■ **WHAT YOU HAVE TO DO**
Every line below from the one with "Wool Pullover Sweater" through the one with "Loopin is the" should be retyped exactly, both ends included; no other lines and no pictures.

■ **SOURCE INFORMATION**

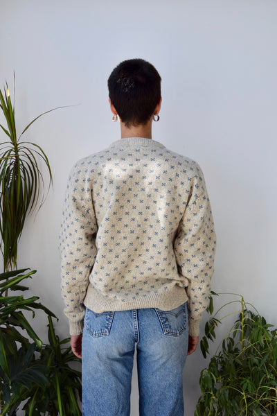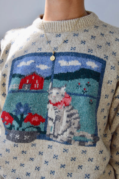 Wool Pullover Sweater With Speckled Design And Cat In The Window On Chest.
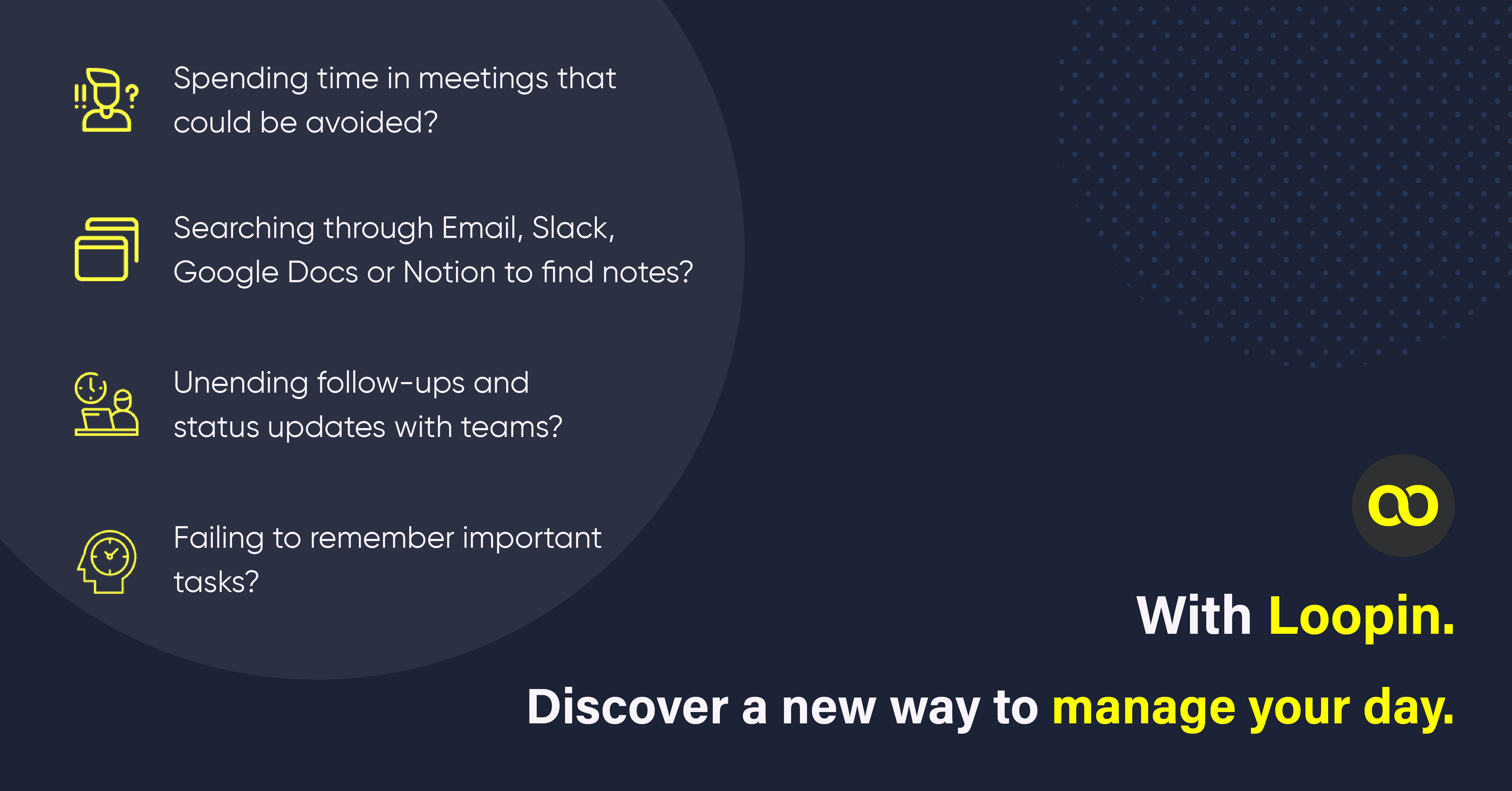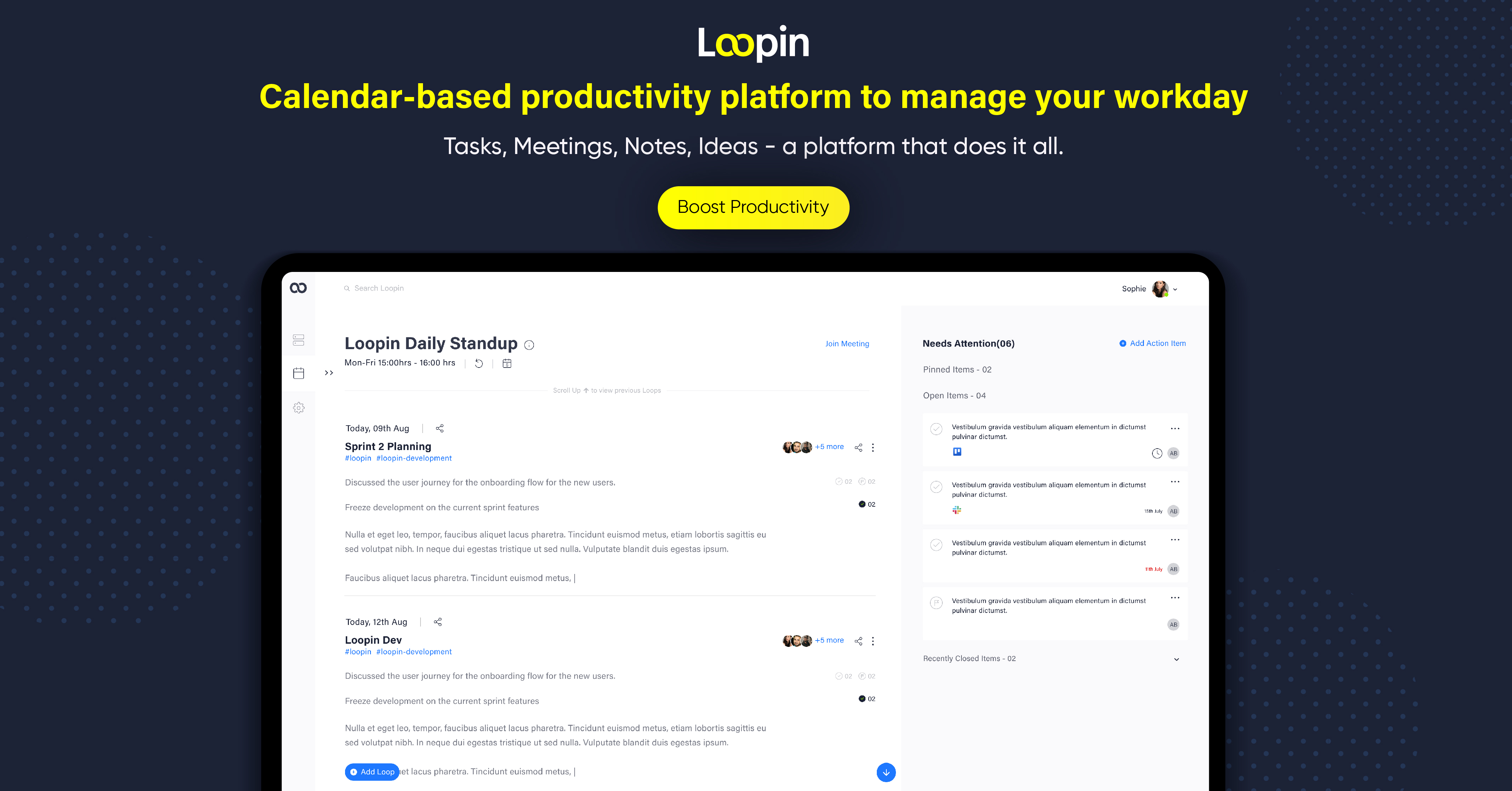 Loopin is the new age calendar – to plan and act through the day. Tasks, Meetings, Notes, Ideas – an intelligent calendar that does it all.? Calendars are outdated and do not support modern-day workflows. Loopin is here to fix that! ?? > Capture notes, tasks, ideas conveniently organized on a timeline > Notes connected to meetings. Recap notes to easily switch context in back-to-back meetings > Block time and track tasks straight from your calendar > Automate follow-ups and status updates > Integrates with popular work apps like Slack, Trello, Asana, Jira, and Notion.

==

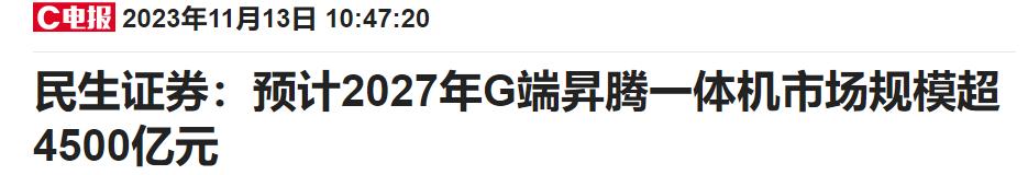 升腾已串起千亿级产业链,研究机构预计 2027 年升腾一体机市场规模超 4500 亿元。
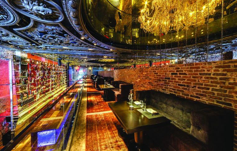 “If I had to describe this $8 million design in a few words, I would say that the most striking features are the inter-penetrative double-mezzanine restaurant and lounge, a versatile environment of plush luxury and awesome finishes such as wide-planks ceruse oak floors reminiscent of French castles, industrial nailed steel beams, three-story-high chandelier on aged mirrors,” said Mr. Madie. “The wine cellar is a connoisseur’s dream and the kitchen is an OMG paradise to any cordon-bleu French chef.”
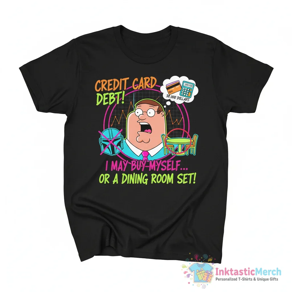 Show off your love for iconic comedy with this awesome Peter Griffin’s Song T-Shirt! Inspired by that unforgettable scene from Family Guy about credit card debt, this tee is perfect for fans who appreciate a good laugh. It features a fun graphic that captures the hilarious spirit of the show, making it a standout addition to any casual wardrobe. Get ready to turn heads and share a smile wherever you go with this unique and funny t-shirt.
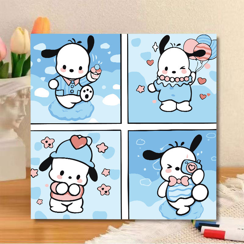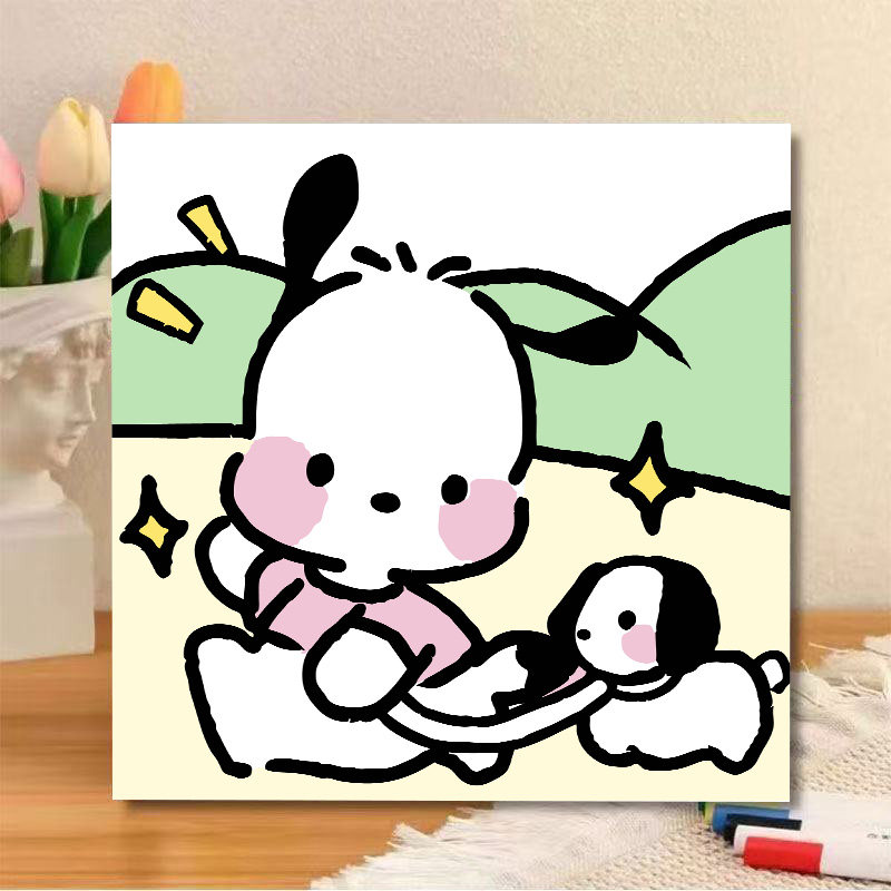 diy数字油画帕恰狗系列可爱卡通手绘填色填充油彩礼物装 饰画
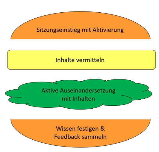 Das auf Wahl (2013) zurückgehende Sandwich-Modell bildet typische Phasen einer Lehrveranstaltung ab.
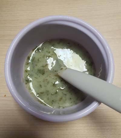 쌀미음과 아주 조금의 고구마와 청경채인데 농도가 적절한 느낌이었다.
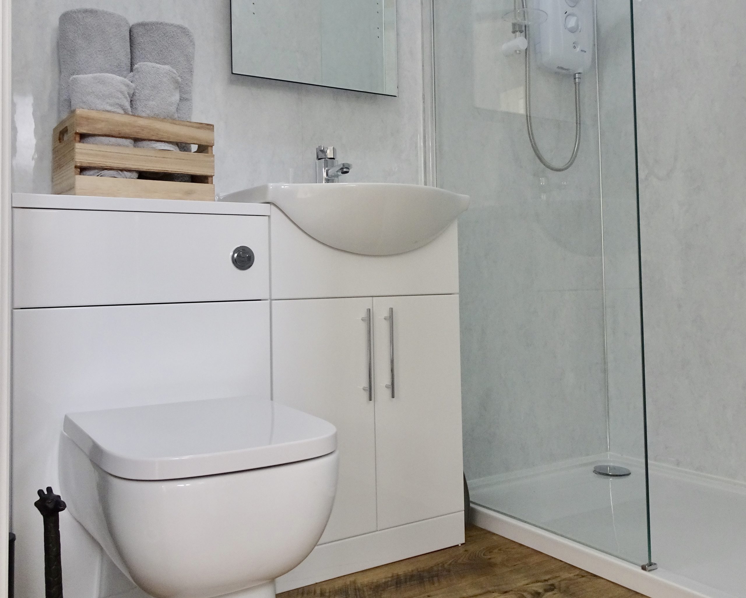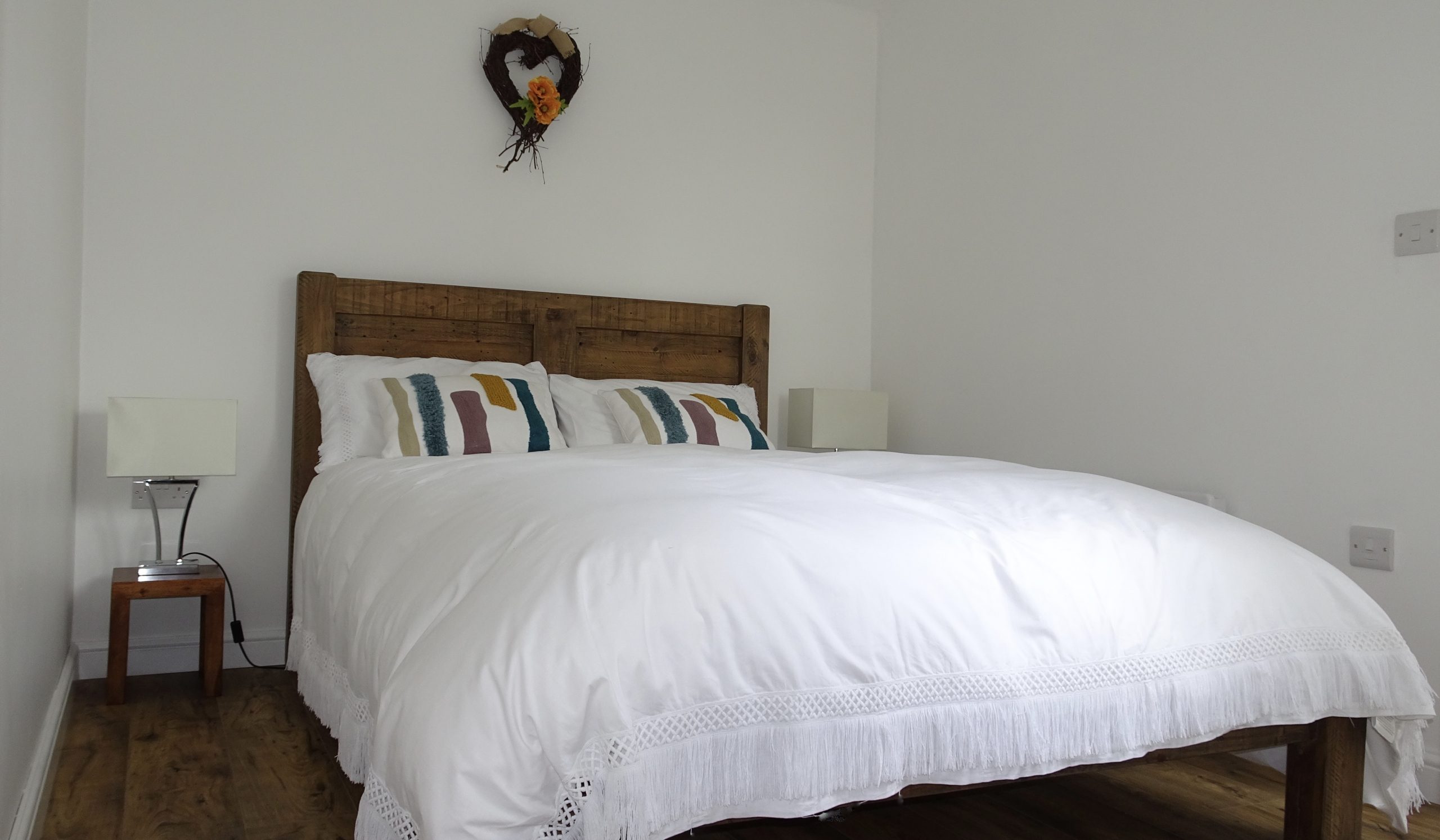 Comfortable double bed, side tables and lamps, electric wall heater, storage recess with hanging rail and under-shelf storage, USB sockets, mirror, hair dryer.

■ **SOLVED EXERCISE**
 Wool Pullover Sweater With Speckled Design And Cat In The Window On Chest.
 Loopin is the new age calendar – to plan and act through the day. Tasks, Meetings, Notes, Ideas – an intelligent calendar that does it all.? Calendars are outdated and do not support modern-day workflows. Loopin is here to fix that! ?? > Capture notes, tasks, ideas conveniently organized on a timeline > Notes connected to meetings. Recap notes to easily switch context in back-to-back meetings > Block time and track tasks straight from your calendar > Automate follow-ups and status updates > Integrates with popular work apps like Slack, Trello, Asana, Jira, and Notion.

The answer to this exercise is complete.